The Supreme Court made a similar, if more subtle, move in U.S. ex rel. Knauff v. Shaughnessy.165 In ex rel. Knauff, the Justices debated whether the War Brides Act of 1945, which sought to ease the immigration process for alien brides of servicemen, prevented the executive from detaining and denying entry to such a “war bride” without a hearing. The President sought to detain the war bride under a 1941 presidential proclamation and regulations promulgated pursuant thereto.166 The majority decision read the capacious War Brides Act narrowly—with a “decimating spirit”167—and was therefore able to give wide berth to the President’s proclamation and to uphold its application to the case. Justice Jackson, in an incisive dissent,168 insisted that, in considering the proclamation’s relationship to the War Brides Act, the majority had given short shrift to the statute.169

While Rattigan and ex rel Knauff might be read to suggest a transparent doctrine of “presidential exceptionalism,”170 the case law does not bear this out.171 The data discussed in Part II illustrates the President’s strong win-loss ratio, but there are a few too-big-to-ignore exceptions to the generally pro-executive trend.172 For example, in the 1996 case Chamber of Commerce v. Reich,173 the D.C. Circuit struck down an executive order that President Clinton had issued pursuant to authority delegated by the Procurement Act. The order had provided that “contracting agencies [of the federal government] shall not contract with employers that permanently replace lawfully striking employees.”174 But the NLRA generally “guarantees the right [of management] to hire permanent replacements”175 during labor strikes. Unlike in Rattigan (which post-dates Reich by fourteen years), the court did not seem interested in harmonization. Acknowledging that “undeniably there is some tension between the President’s Executive Order and the NLRA,” the court explained that “[t]o determine whether that tension constitutes unacceptable conflict we look to the extensive body of Supreme Court cases that mark out the boundaries of the field occupied by the NLRA.”176 Moreover, while “the progenitors of these cases originally arose in the context of state actions that were thought to interfere with the federal statute,” they apply “equally to federal governmental behavior that is thought similarly to encroach into the NLRA’s regulatory territory.”177 Applying this preemption doctrine, the court found that the NLRA preempted the executive order.
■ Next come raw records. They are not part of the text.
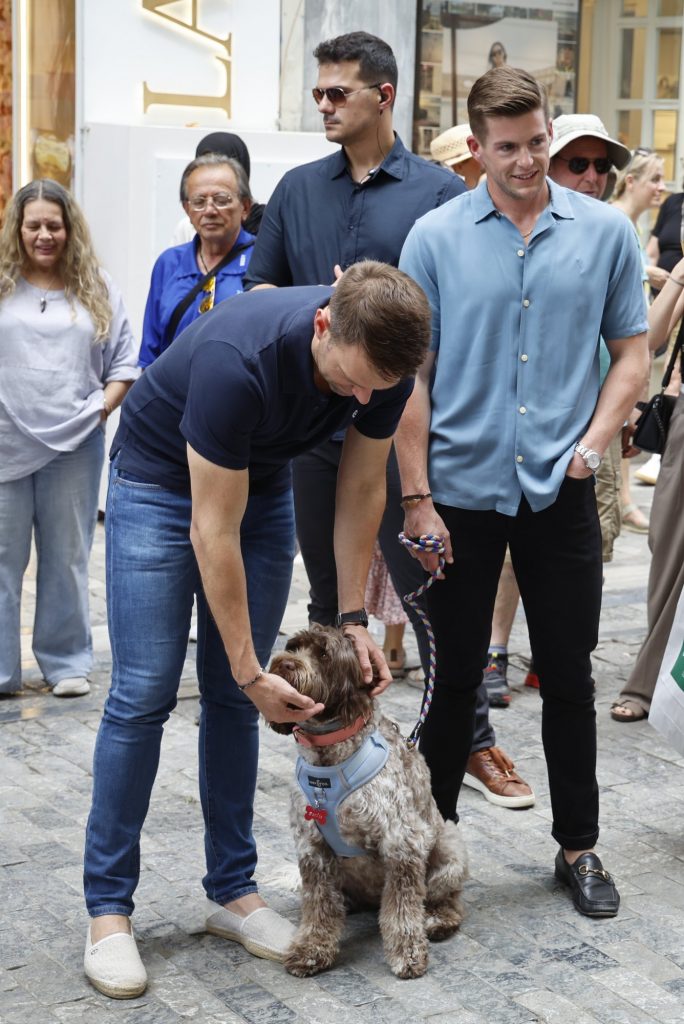 Ο κ. Κασσελάκης έφθασε με τα πόδια αφού είχε προηγουμένως περπατήσει την Ερμού συνοδευόμενος από τον σύζυγό του Τάιλερ και κρατώντας την Φάρλει.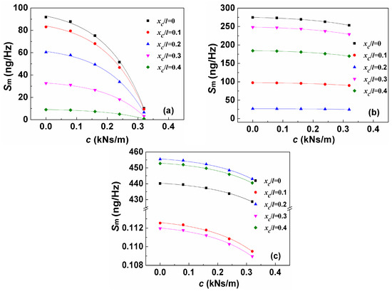 Sm as the function of viscous damping coefficient c for different loading positions under: (a) first-order resonance; (b) third-order resonance; and (c) fifth-order resonance.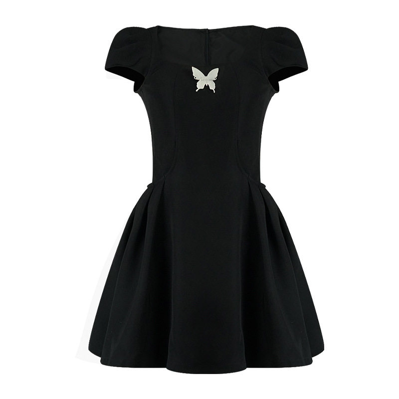 法式方领黑色连衣裙女收腰气质设计感短款a字小黑裙子夏季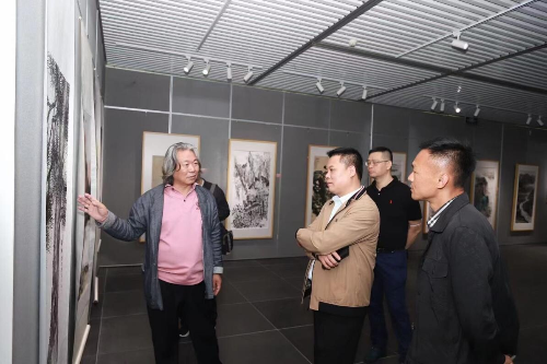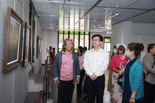 (图:威尼斯人app区委常委、宣传部部长徐明曦,威尼斯人app区文联主席葛华,威尼斯人app区美协主席李长松观展。)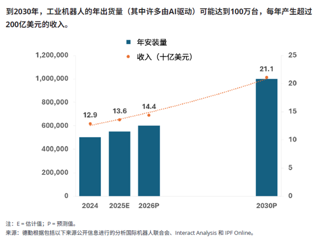 德勤预测,到2026年,全球工业机器人的累计安装量可能达到550万台,但自2021年以来,全球工业机器人年销量始终徘徊在50万台左右。发展拐点可能早在2030年就会出现――届时年度新型机器人出货量将翻倍至100万台,这主要由以下增长催化剂推动:(i) 发达国家专业工业应用中的劳动力短缺,以及 (ii) 计算能力的指数级进步以及专用基础AI模型的出现。机器人可渗透至包括自主无人机在内的多个行业与应用场景,但除非更广泛的技术、人工智能及机器人生态系统能解决数据质量、系统集成和网络安全等瓶颈问题,否则工业机器人市场可能仍将维持在当前相对平缓的年增长率水平。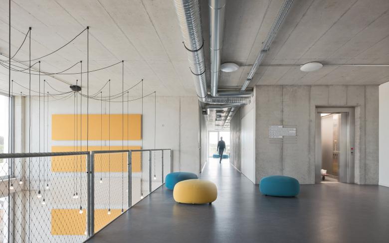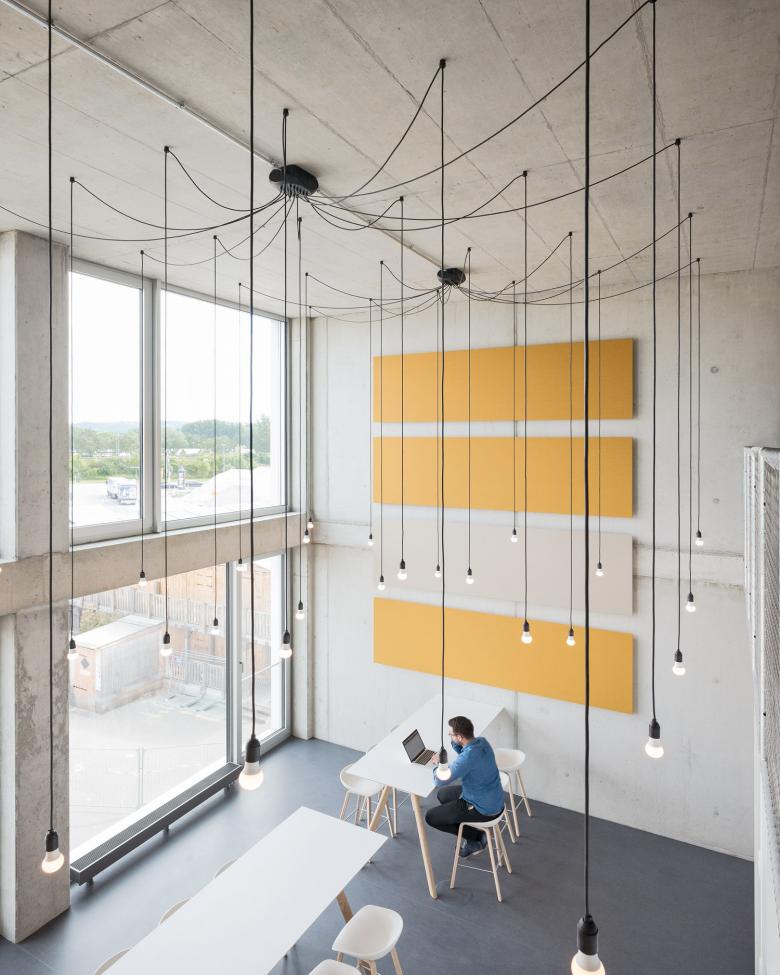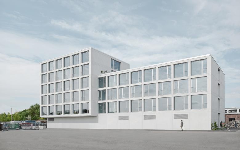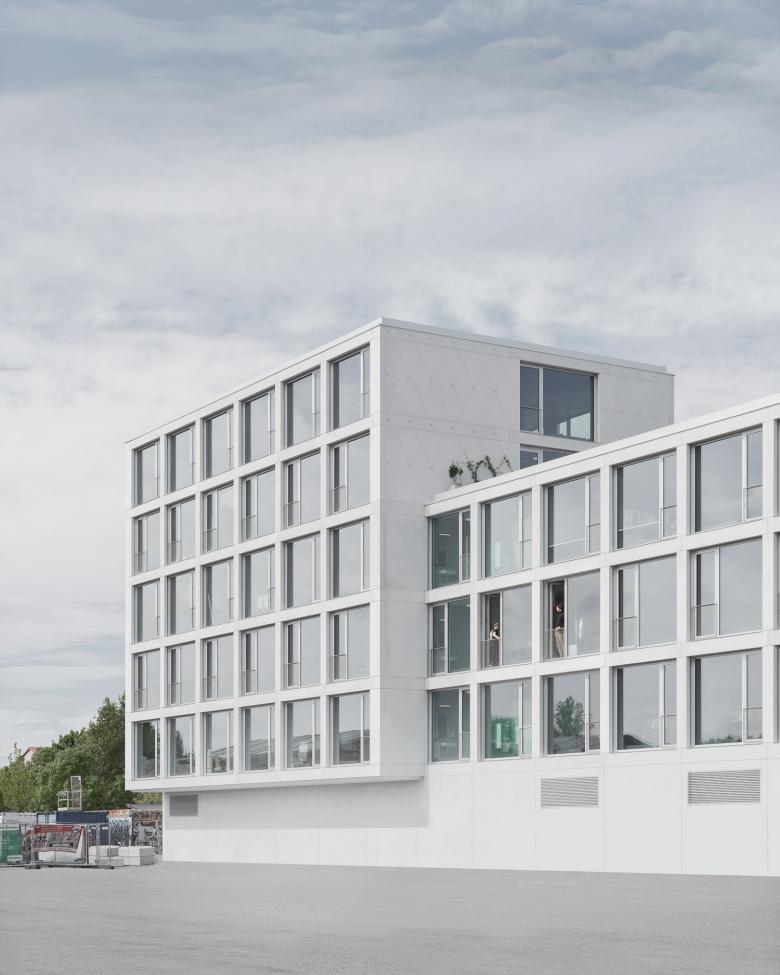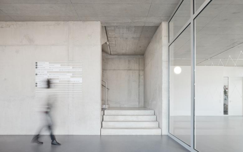 Die robuste bauliche Struktur und Organisation des Gebäudes erlauben eine vielfältige Nutzungsveränderung und Einteilung. Diese ermöglichen insbesondere eine prozesshafte Aneignung des Gebäudes durch die Mieter. Die Stahlbetonoberflächen im Innenraum wurden roh und materialfarben belassen. Für exponierte Betonflächen wird bewusst auf eine hohe Sichtbetonklasse verzichtet. Die Installationsführung erfolgt an den Decken sichtbar in verzinkten Stahlrohren und Kabelpritschen sowie in einem einfachen Hohlraumboden. Der industrielle Charakter wird durch die Verwendung von Halbzeugen betont und durch wenige gezielt gesetzte Akzente in der Möblierung kontrastiert. Aufgrund der Flächen- und Kubaturoptimierung, der Auswahl weniger industrieller Materialien sowie einem angemessenen Technikkonzept (so wenig wie möglich, soviel wie nötig), konnten die ehrgeizigen Vorgaben des Budgets eingehalten werden. Den Nutzern können nun kostengünstige Mietflächen in einem veredelten, unprätentiösen Rohbau mit Loftcharakter angeboten werden. Die exponierten Betondecken sind sehr gut für den Einsatz einer Bauteilaktivierung geeignet. Zur Beheizung und Kühlung wird daher geothermische Wärme und Kälte genutzt. Die Erschließung erfolgt über insgesamt 15 Erdwärmesonden mit Tiefen zwischen 90 und 130 Metern unterhalb des Gebäudes.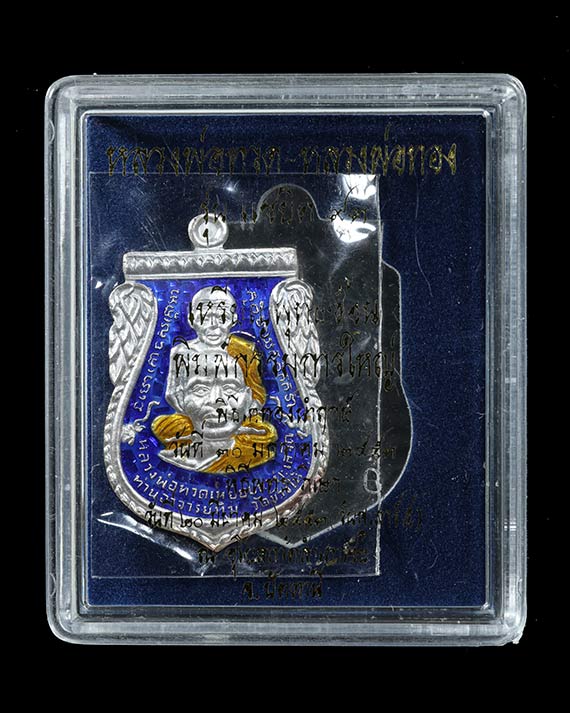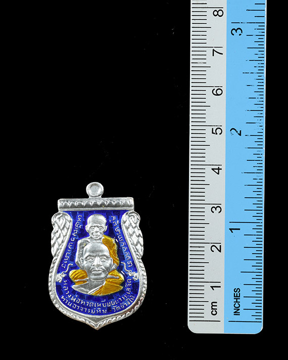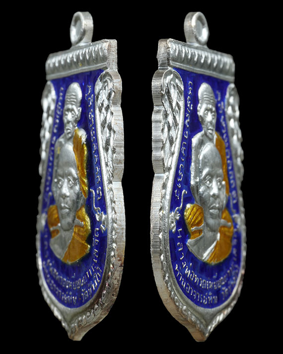 เหรียญเสมา ลพ.ทวด - อ.ทองวัดสำเภาเชย รุ่นแซยิด93 เนื้อเงินลงยาน้ำเงิน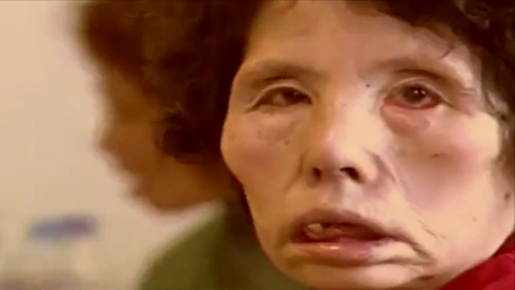 其中年龄最大的51岁,名叫原桂芝,由于严重毁容,她无法正常活动,经常蹲下或挪动身体。

What distinguishes a case like Reich from a case like Rattigan—or from an even more analogous case like ex rel. Knauff? After all, both Reich and ex rel. Knauff featured a potential conflict between a partially Article I executive order178 and a distinct statute. The Supreme Court in ex rel. Knauff implicitly treated the order and the statute as coequals, while the D.C. Circuit in Reich allowed the relevant statute to preempt the order.

Perhaps the best explanation is that the plaintiffs in Reich (the Chamber of Commerce)could bring the court a pre-packaged preemptiondoctrine—an extensive body of NLRA-specific doctrine—on which it could rely to determine if Congress had preempted executive authority. But in the absence of subject matter-specific doctrine, courts do not usually apply the vocabulary of preemption (traditionally understood as a federalism doctrine179) in these cases. Left with a doctrinal void, the generic advice of Youngstown, and little in the way of a theory of executive orders, courts draw on canons of statutory interpretation, even though these canons were developed to apply to a pair of statutes rather than to a statute and an executive order. In so doing, courts subvert Congress’s role in making law.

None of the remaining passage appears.